Investigation as Stafford Hospital fails to spot stroke
There is more controversy tonight over Stafford Hospital. ITV Central can reveal two new serious complaints have been made about the treatment of patients. Both concern people who have been admitted in the past few days.
An investigation is underway into how an elderly man who suffered a stroke was sent home after being diagnosed as having a trapped nerve. And the hospital has said sorry to another elderly patient who was sent home without the proper care in place for him there.
Fred Darlington was sent home from Stafford Hospital he'd been taken there a short time earlier by a paramedic.
He says he had been assured at the hospital that he had not had a stroke but was told it may be a trapped nerve and he would be given physiotherapy in two weeks time.
Luckily for him, later in the day, his partner was giving a piano lesson at their home to the daughter of a friend who is a GP.
The doctor called to collect her and spotted further symptoms and concluded he had probably suffered a stroke and could be about to have another more serious one.
Mr Darlington was taken this time by ambulance to hospital in Stoke.
Here he was given a brain scan which revealed he had had a stroke and he was given vital medication to help prevent a recurrence.

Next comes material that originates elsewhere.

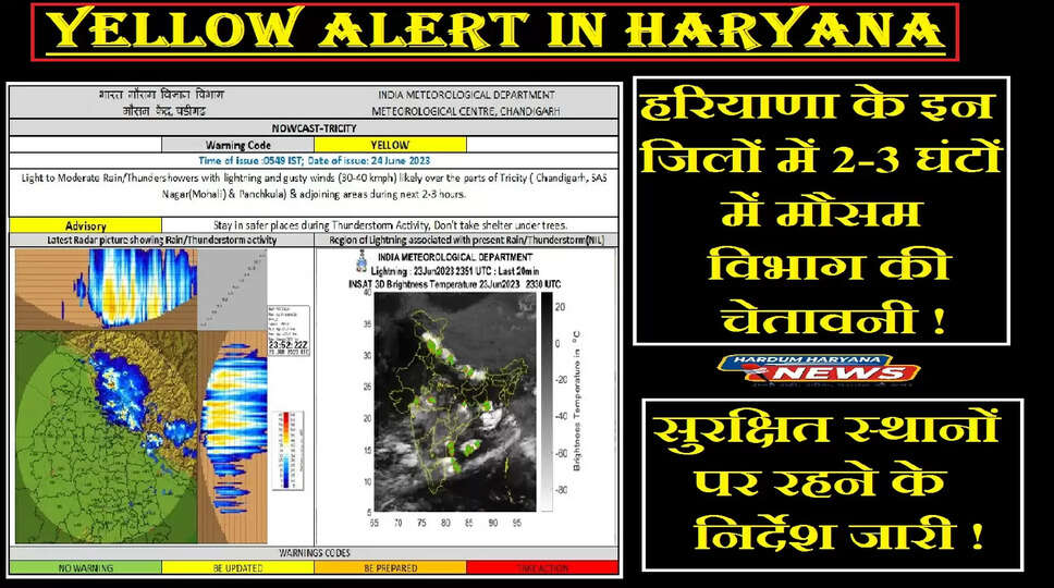 हरियाणा के इन जिलों में मौसम विभाग का येल्लो अलर्ट ! सुरक्षित स्थानों पर रहने के निर्देश जारी !

In a statement, the hospital's chief executive Lyn Hill Tout, says Mr Darlington was seen by a doctor who asked a stroke consultant to assess him further.
In another case which happened last month relatives of 79-year-old Ted Worrall say he was sent home where he was living alone from Stafford without proper equipment and home-nursing care he needed.
In a statement, Colin Ovington, Director of Nursing, said: "We are sorry for any distress caused to Mr Worrall and his family. This should not have happened. The family contacted us and we thought we had done everything we could to remedy the situation."